(YOUR INSTRUCTIONS): In the material below, find the line with "אני באמצע לצייר" and the line with "대한항공은 지난 25일". Output exactly those two lines and all lines between them, leaving out pictures.

(DATA PROVIDED):

--- START ---

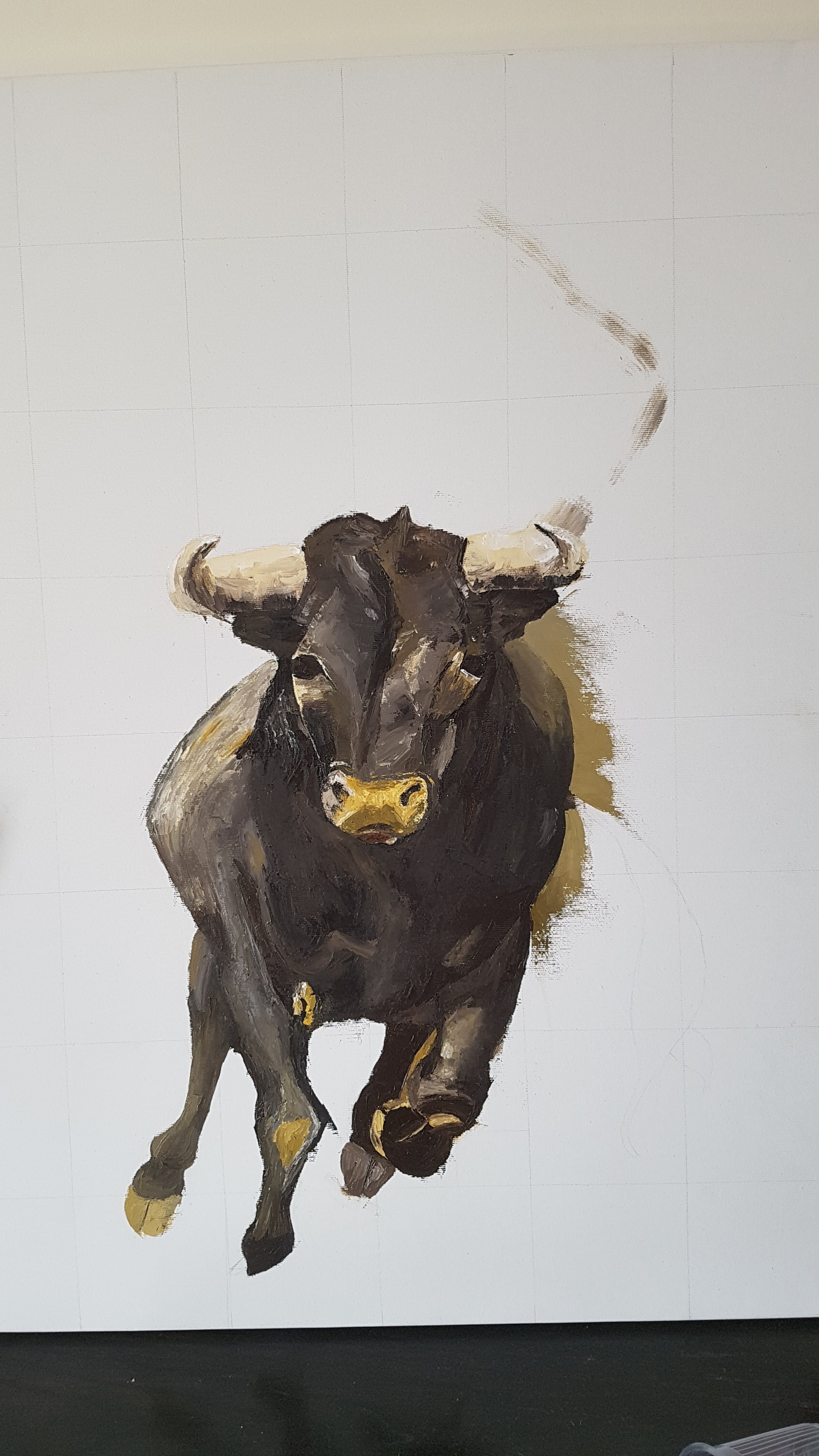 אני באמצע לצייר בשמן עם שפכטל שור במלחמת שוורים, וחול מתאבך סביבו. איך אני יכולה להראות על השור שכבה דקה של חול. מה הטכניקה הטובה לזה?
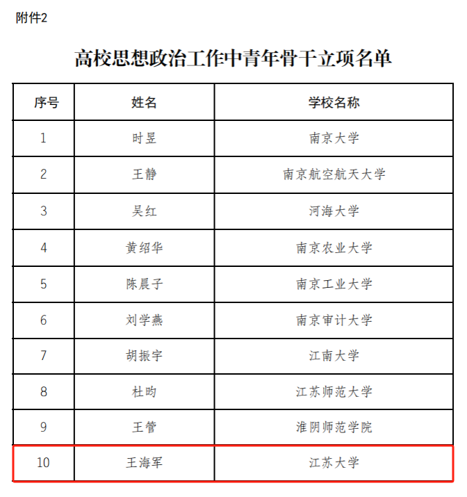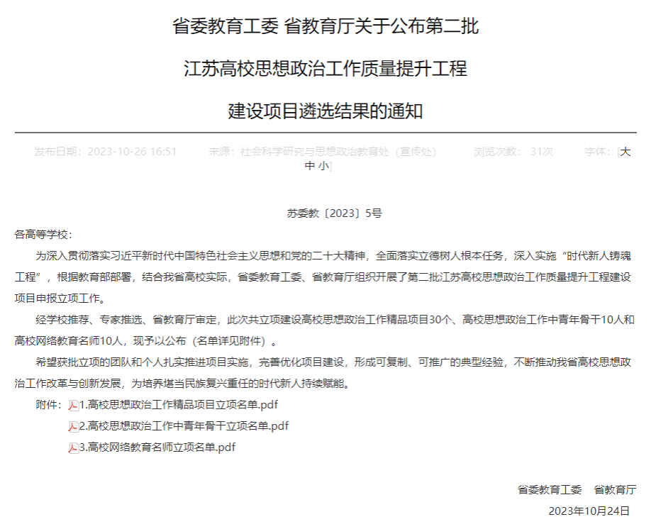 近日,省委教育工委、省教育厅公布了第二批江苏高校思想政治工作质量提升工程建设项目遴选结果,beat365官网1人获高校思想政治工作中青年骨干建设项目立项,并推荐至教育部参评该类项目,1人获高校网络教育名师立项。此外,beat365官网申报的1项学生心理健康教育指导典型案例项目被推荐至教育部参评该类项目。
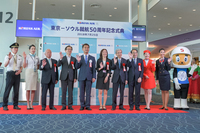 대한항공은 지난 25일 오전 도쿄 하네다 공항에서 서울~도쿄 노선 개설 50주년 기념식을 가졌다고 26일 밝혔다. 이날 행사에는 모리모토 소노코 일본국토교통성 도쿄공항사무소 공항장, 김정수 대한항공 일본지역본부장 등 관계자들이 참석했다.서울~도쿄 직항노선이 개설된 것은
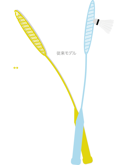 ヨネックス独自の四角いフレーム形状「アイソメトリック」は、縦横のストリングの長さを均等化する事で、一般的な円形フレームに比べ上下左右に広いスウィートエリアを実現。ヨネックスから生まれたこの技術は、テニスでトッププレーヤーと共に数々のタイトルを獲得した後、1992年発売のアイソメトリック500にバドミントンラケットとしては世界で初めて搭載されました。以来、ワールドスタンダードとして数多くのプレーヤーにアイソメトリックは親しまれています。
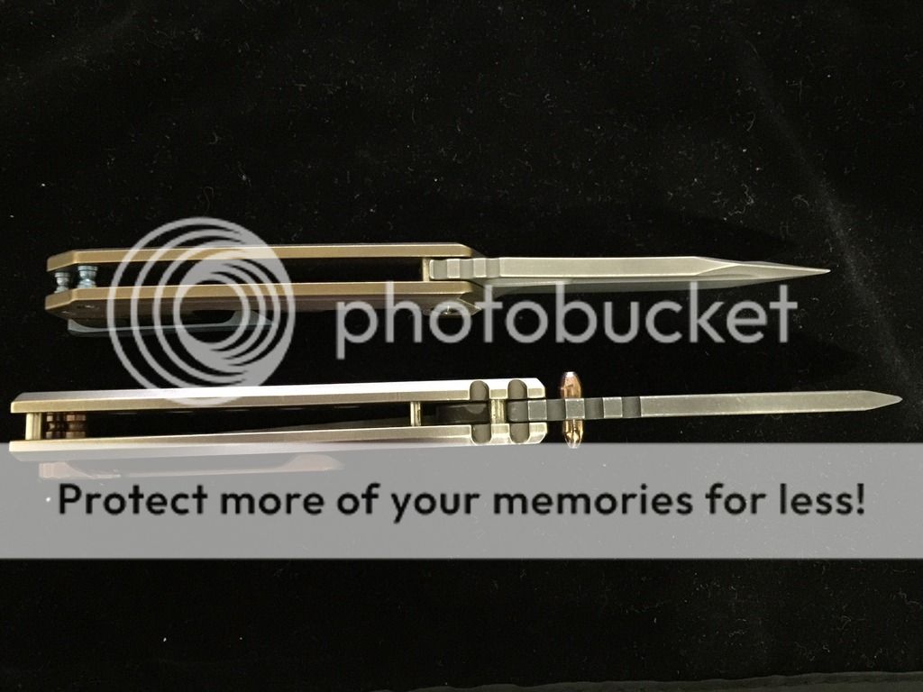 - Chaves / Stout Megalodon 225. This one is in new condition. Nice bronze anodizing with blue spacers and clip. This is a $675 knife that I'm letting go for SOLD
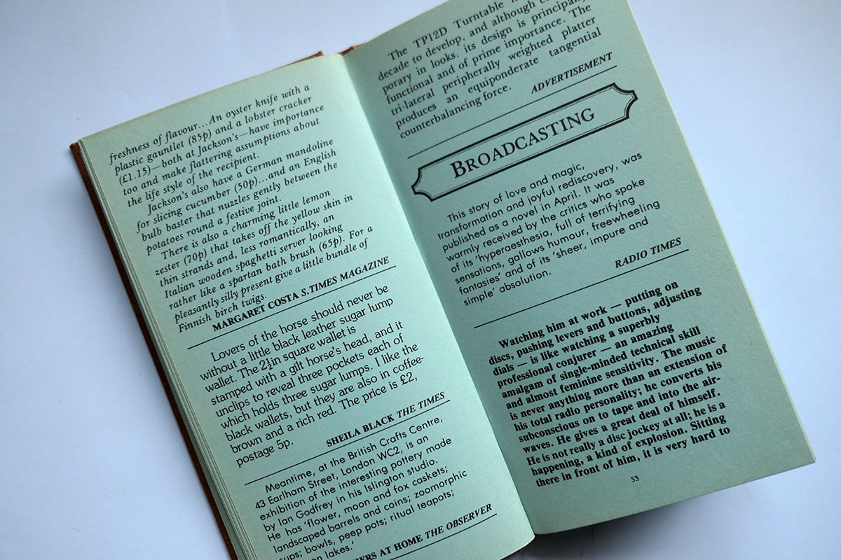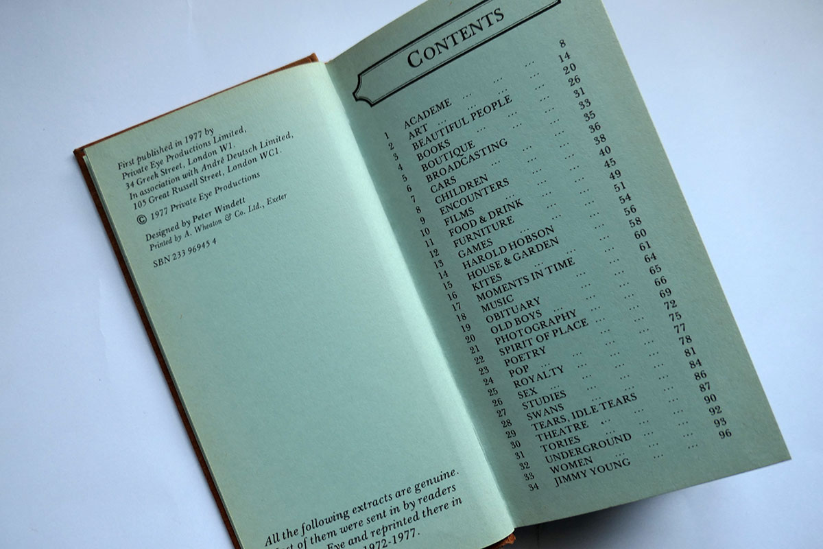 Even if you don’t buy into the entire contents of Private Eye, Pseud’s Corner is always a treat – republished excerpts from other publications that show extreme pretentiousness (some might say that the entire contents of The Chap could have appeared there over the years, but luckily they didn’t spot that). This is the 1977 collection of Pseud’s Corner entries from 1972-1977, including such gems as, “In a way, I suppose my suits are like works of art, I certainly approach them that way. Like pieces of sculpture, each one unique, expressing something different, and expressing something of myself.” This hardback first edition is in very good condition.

--- END ---
--- START ---

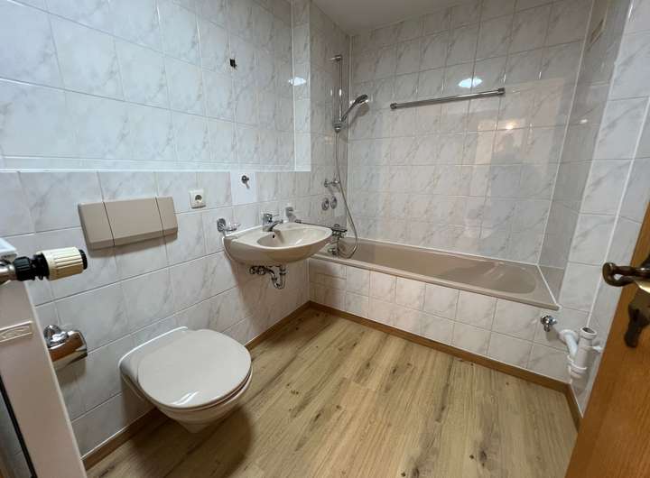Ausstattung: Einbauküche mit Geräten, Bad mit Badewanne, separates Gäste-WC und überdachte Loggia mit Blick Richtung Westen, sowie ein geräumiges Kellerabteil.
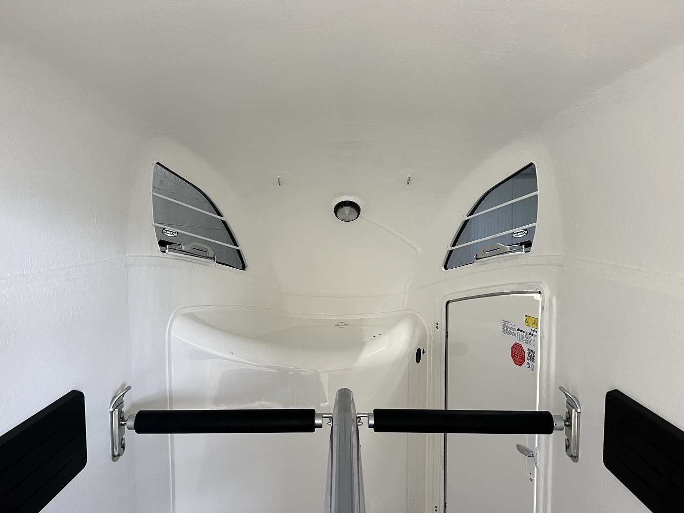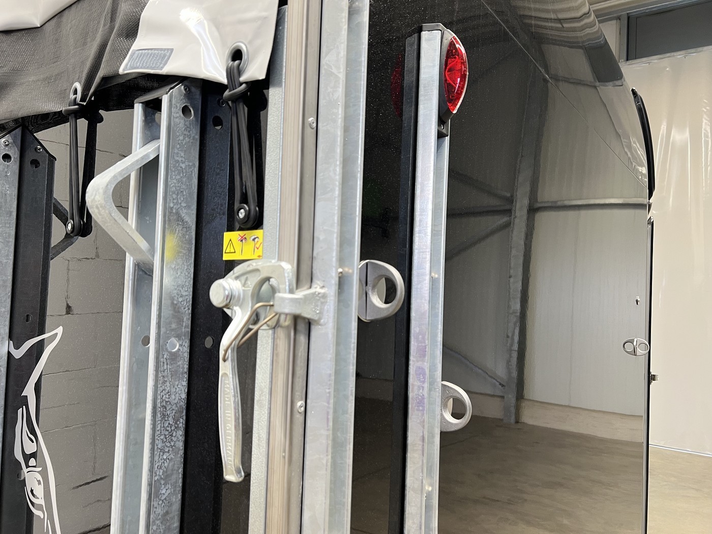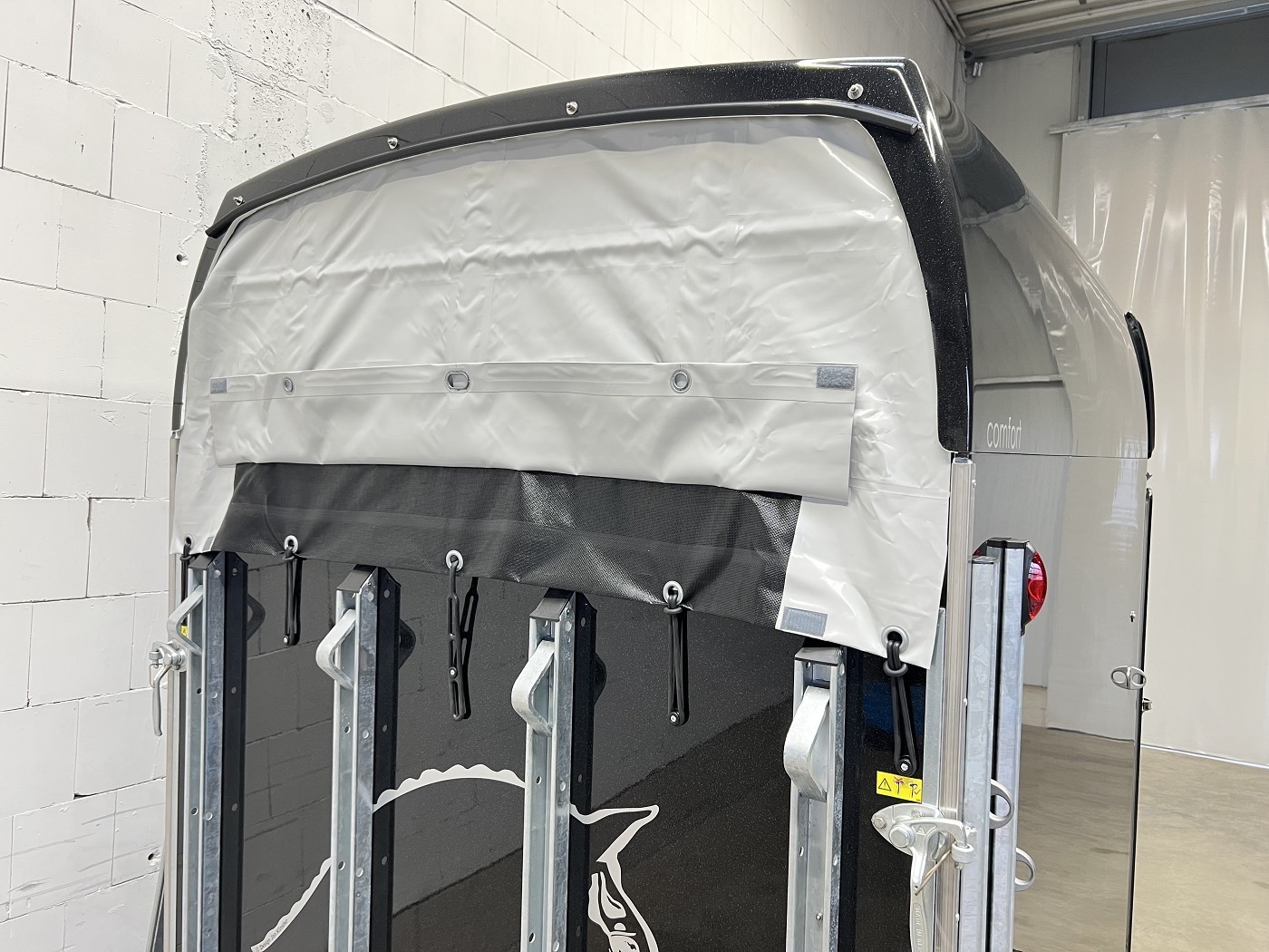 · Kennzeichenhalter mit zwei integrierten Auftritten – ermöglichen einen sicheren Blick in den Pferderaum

--- END ---

(TASK RESPONSE):
 אני באמצע לצייר בשמן עם שפכטל שור במלחמת שוורים, וחול מתאבך סביבו. איך אני יכולה להראות על השור שכבה דקה של חול. מה הטכניקה הטובה לזה?
 近日,省委教育工委、省教育厅公布了第二批江苏高校思想政治工作质量提升工程建设项目遴选结果,beat365官网1人获高校思想政治工作中青年骨干建设项目立项,并推荐至教育部参评该类项目,1人获高校网络教育名师立项。此外,beat365官网申报的1项学生心理健康教育指导典型案例项目被推荐至教育部参评该类项目。
 대한항공은 지난 25일 오전 도쿄 하네다 공항에서 서울~도쿄 노선 개설 50주년 기념식을 가졌다고 26일 밝혔다. 이날 행사에는 모리모토 소노코 일본국토교통성 도쿄공항사무소 공항장, 김정수 대한항공 일본지역본부장 등 관계자들이 참석했다.서울~도쿄 직항노선이 개설된 것은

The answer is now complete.